The siblings Hans K. and Paula M. and her brother-in-law Maximilian L. were co-owners of a family estate in Lower Austria. They had already had sold large areas of the K. Estate to a number of buyers prior to 1938, including the Province of Lower Austria, due to financial difficulties. Following the death of Paula M. in September 1938 and Hans K. in January 1939, their children and heirs continued these efforts to sell off land, owning at least in part to large inheritance tax demands. At the same time, from early 1939 onward sale negotiations were held with the soon-to-be Reich region Lower Danube. Following the takeover of the K. Estate by the Reich region Lower Danube in September 1939, initially in trust, it then went on to purchase the agricultural properties in the summer of 1940.
As descendants of the W. family, which was considered Jewish after the Anschluss of Austria to the German Reich, Hans K. and his sister Paula M. were affected by the Nuremberg Laws of 1935. Paula M. was considered a Mischling I. Grades (“first grade half caste”) and, due to his marriage to a Jew, her brother was considered Jewish. The K. family took numerous steps in its efforts to gain a more beneficial “genealogical status”. After the W. family had assigned a large number of assets to the German Reich, an ancestor of the K. family was declared to be “Aryan”, as a result of which Hans K. was considered a Mischling II. Grades (“second grade half caste”) and his three children “first grade half castes”. The heirs of Paula M., who had in the meantime passed away, were then considered “Aryan”.
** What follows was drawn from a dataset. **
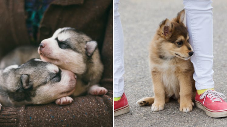 Looking into the eyes of any fur baby will instantly make you go all mushy. They always have this look of love in their eyes. Plus, they're so flippin' adorable, you just can't get over feeling all the things. But huskies are another category of cuteness altogether. They can have such bright eyes, with the most majestic face — yet still be a total goofball (a goof that you love with all your heart, that is). And as with most dogs, their younger years are honestly the best, and pictures of husky puppies will make your day, your week, and possibly even your whole month.

In its decision no. 853/2012, the Arbitration Panel reached the conclusion that the descent of the K. family had not been a causal factor for the sale of the K. Estate to the Reich region Lower Danube. The run-up to the sale and the circumstances surrounding the purchase contract yielded no indications of discriminatory treatment. It could not be established that the vendors had been forced to sell by the Reich region or that other Nazi authorities had exerted their influence on them during the conclusion of the sale in a discriminatory way. The vendors had also received the purchase price, which had been adequate, in full. The Arbitration Panel also examined whether the K. family had felt forced into the sale through the imposition of a Jewish capital levy for Hans K., which was later cancelled. However, the Arbitration Panel was unable to identify any such indications of an indirect pressure to sell.
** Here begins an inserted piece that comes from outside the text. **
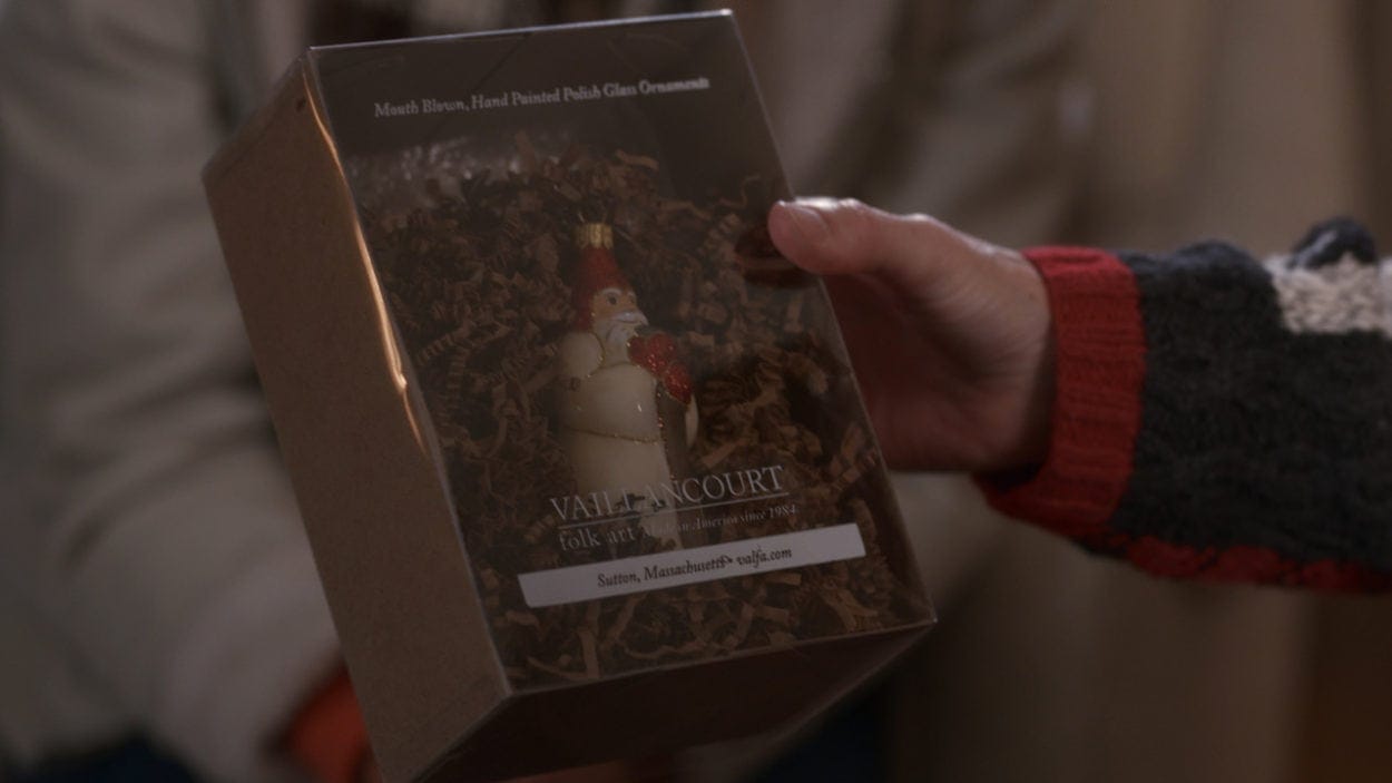 Filled with regional brands and companies, like Polar, BayState Savings Bank, Robbie’s Place, and Whittier Farms, we’re thrilled to see that they used two of our ornaments—Santa on Rocking Horse Ornament and 9th Day of Christmas Glimmer Ornament—and our 29th Starlight Santa: Blue First Snowfall Chalkware Santa—in several scenes.

In the application for reopening one of the applicants submitted various documents as “new evidence”, including private correspondence from the Nazi era and budgetary statutes and statements of account of the Reich region Lower Danube. She asserted that these proved that the sale of the K. Estate had occurred on grounds of descent and that the proceeds from the sale had not been paid in full.
In its judicial appraisal of the newly-submitted documents, the Arbitration Panel reached the conclusion that they did not contain any new indications that could go on to prove that the seizure had been seized on grounds of persecution as defined by the GSF Law. The newly-submitted documents did not warrant the assumption that they could have brought about a different outcome to the original proceedings if they had been submitted. Therefore, the application to reopen these proceedings was rejected.